Il Casato Prime Donne is situated on the line which stretches between the two most important places in the Montalcino district. From the North at Badia Ardenga, a convent which has a beautiful church with a crypt, and where according to legend, King Henry VII was poisoned and died in 1313, down to the South, at the Abbazia di Sant’ Antimo, a splendid church built in onyx and framed by stunning Brunello vineyards.
In the Middle Ages a growing flow of pilgrims, merchants and soldiers walked along the Via Francigena. These travellers brought with them ideas, cultures, trade and human traits which helped to create a common civilization across the different countries of Europe. Because of this, the Via Francigena was chosen as one of the 22 most important European routes by the Council of Europe Project.

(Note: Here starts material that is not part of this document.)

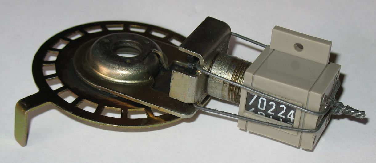 The original Jones Counter made by Clain Jones from 1973 to 1982.
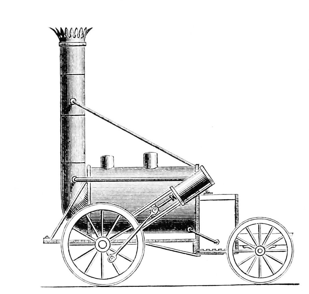 The Rocket 1829

Siena was one of the important milestones along the via Francigena, and precisely because of this road, which skirted the outskirts of Florence, Siena prospered and developed a huge infrastructure where it created wonderful buildings such as the Hospital of Santa Maria della Scala, which is now a museum. A citadel for the pilgrims, which was so extensive as to have a covered road inside it and which has become nowadays, here in the future, a museum which is even larger than the Louvre.
In recent years, in front of the Santa Maria della Scala, together with Councillor Alessandro Mugnaioli, we welcomed a group of adult Scouts who had made their own personal pilgrimage along the Via Francigena, through Tuscany which ended at Sant’ Antimo.
They are prime examples of modern pilgrims. They are people who are looking for a new relationship with themselves, with God and with other fellow human beings.